FDA Adverse Event Injury Summary report: N

11.0MM TI HELICAL BLADE 105MM

MDR report key: 2923621 · Received January 22, 2013

Report

Report Number
3003506883-2013-00035
Event Type
Injury
Date Received
January 22, 2013
Date of Event
December 25, 2012
Report Date
December 25, 2012
Manufacturer
SYNTHES ELMIRA
Product Code
HSB
PMA / PMN Number
K011857
Adverse Event
Yes
Report Source
Manufacturer report
Reporter Location
VA
Reporter Occupation
OTHER HEALTH CARE PROFESSIONAL

Narratives

Additional Manufacturer Narrative · 1

ADDITIONAL NARRATIVE: INVESTIGATION COULD NOT BE COMPLETED, NO CONCLUSION COULD BE DRAWN AS NO DEVICE WAS RETURNED. A REVIEW OF THE RAW MATERIAL DEVICE HISTORY RECORD REVEALED THIS LOT MET ALL SPECIFICATIONS WITH NO ANOMALIES NOTED.

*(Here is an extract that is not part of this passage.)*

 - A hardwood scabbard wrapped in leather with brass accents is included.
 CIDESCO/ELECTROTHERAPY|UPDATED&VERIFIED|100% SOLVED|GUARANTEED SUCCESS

Additional Manufacturer Narrative · 1

A MANUFACTURING EVALUATION WAS CONDUCTED AND IT STATES THAT THE RECEIVED CONDITION OF THE HELIX BLADE SHOWS ANODIZED RUBBED AWAY ON THE SHAFT. SOME MATERIAL DISPLACEMENT AND DAMAGE IS EVIDENT IN THE POCKET FEATURE. THE DAMAGE TO THE POCKET FEATURE PREVENTS MEASUREMENT OF W4. SINCE FEATURES RELEVANT TO THE COMPLAINT CONDITION CANNOT BE MEASURED, THE COMPLAINT IS INDETERMINATE. PLACEHOLDER.

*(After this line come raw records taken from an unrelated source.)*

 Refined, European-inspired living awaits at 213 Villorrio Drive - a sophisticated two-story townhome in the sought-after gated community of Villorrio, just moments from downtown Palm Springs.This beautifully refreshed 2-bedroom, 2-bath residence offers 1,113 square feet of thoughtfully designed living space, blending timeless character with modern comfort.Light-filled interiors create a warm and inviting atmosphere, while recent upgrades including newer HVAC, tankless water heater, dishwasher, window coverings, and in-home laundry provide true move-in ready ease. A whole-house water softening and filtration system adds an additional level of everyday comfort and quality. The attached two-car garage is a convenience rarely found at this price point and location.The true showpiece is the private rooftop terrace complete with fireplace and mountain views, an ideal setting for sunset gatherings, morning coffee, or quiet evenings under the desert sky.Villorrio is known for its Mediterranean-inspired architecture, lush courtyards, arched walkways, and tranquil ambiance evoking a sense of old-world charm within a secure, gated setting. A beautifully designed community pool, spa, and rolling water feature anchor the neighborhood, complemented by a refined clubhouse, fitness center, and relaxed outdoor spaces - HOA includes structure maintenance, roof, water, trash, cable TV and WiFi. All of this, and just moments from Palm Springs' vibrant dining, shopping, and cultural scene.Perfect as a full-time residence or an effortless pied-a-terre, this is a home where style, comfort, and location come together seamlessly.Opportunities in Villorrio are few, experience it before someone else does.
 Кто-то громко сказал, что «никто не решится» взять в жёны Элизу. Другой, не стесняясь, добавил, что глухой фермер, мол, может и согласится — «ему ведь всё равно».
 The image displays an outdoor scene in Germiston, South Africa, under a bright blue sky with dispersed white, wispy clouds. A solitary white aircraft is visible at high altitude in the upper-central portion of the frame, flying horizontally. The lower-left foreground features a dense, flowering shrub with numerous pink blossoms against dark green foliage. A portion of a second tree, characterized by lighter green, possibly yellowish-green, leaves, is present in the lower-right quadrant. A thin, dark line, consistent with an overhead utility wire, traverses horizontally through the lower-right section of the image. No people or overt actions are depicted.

Additional Manufacturer Narrative · 1

THIS DEVICE IS USED FOR TREATMENT, NOT DIAGNOSIS. THE LOCKING MECHANISM TAB HAS SHEARED OFF AND THE REMAINING PORTION IS BENT INWARD. DURING THIS EVALUATION, THE RETURNED DEVICES WERE ASSEMBLED WITH KNOWN GOOD MATING INSTRUMENTS AND IMPLANTS TO COMPLETE THE INSERTION CONSTRUCT IN ORDER TO EVALUATE THE ALIGNMENT OF THE RETURNED DEVICES. THE CONSTRUCT ASSEMBLED AND THE RETURNED HELICAL BLADE ALIGNED AND ENTERED THE RETURNED TFN AS INTENDED BUT MET RESISTANCE WITH THE DAMAGED/BENT LOCKING MECHANISM. THE COMPLAINT CONDITION WAS REPLICATED. THE RISK ANALYSIS ADEQUATELY ADDRESSES THIS COMPLAINT CONDITION AS LESS SEVERE WITH A MODERATE SEVERITY OF HARM 3 AND AN IMPROBABLE PROBABILITY OF OCCURRENCE 1. THE DESIGN IS ADEQUATE FOR ITS INTENDED USE AND DID NOT CONTRIBUTE TO THIS COMPLAINT CONDITION. IT CAN NOT BE DEFINITIVELY DETERMINED HOW OR WHEN THE LOCKING MECHANISM WAS DEPLOYED.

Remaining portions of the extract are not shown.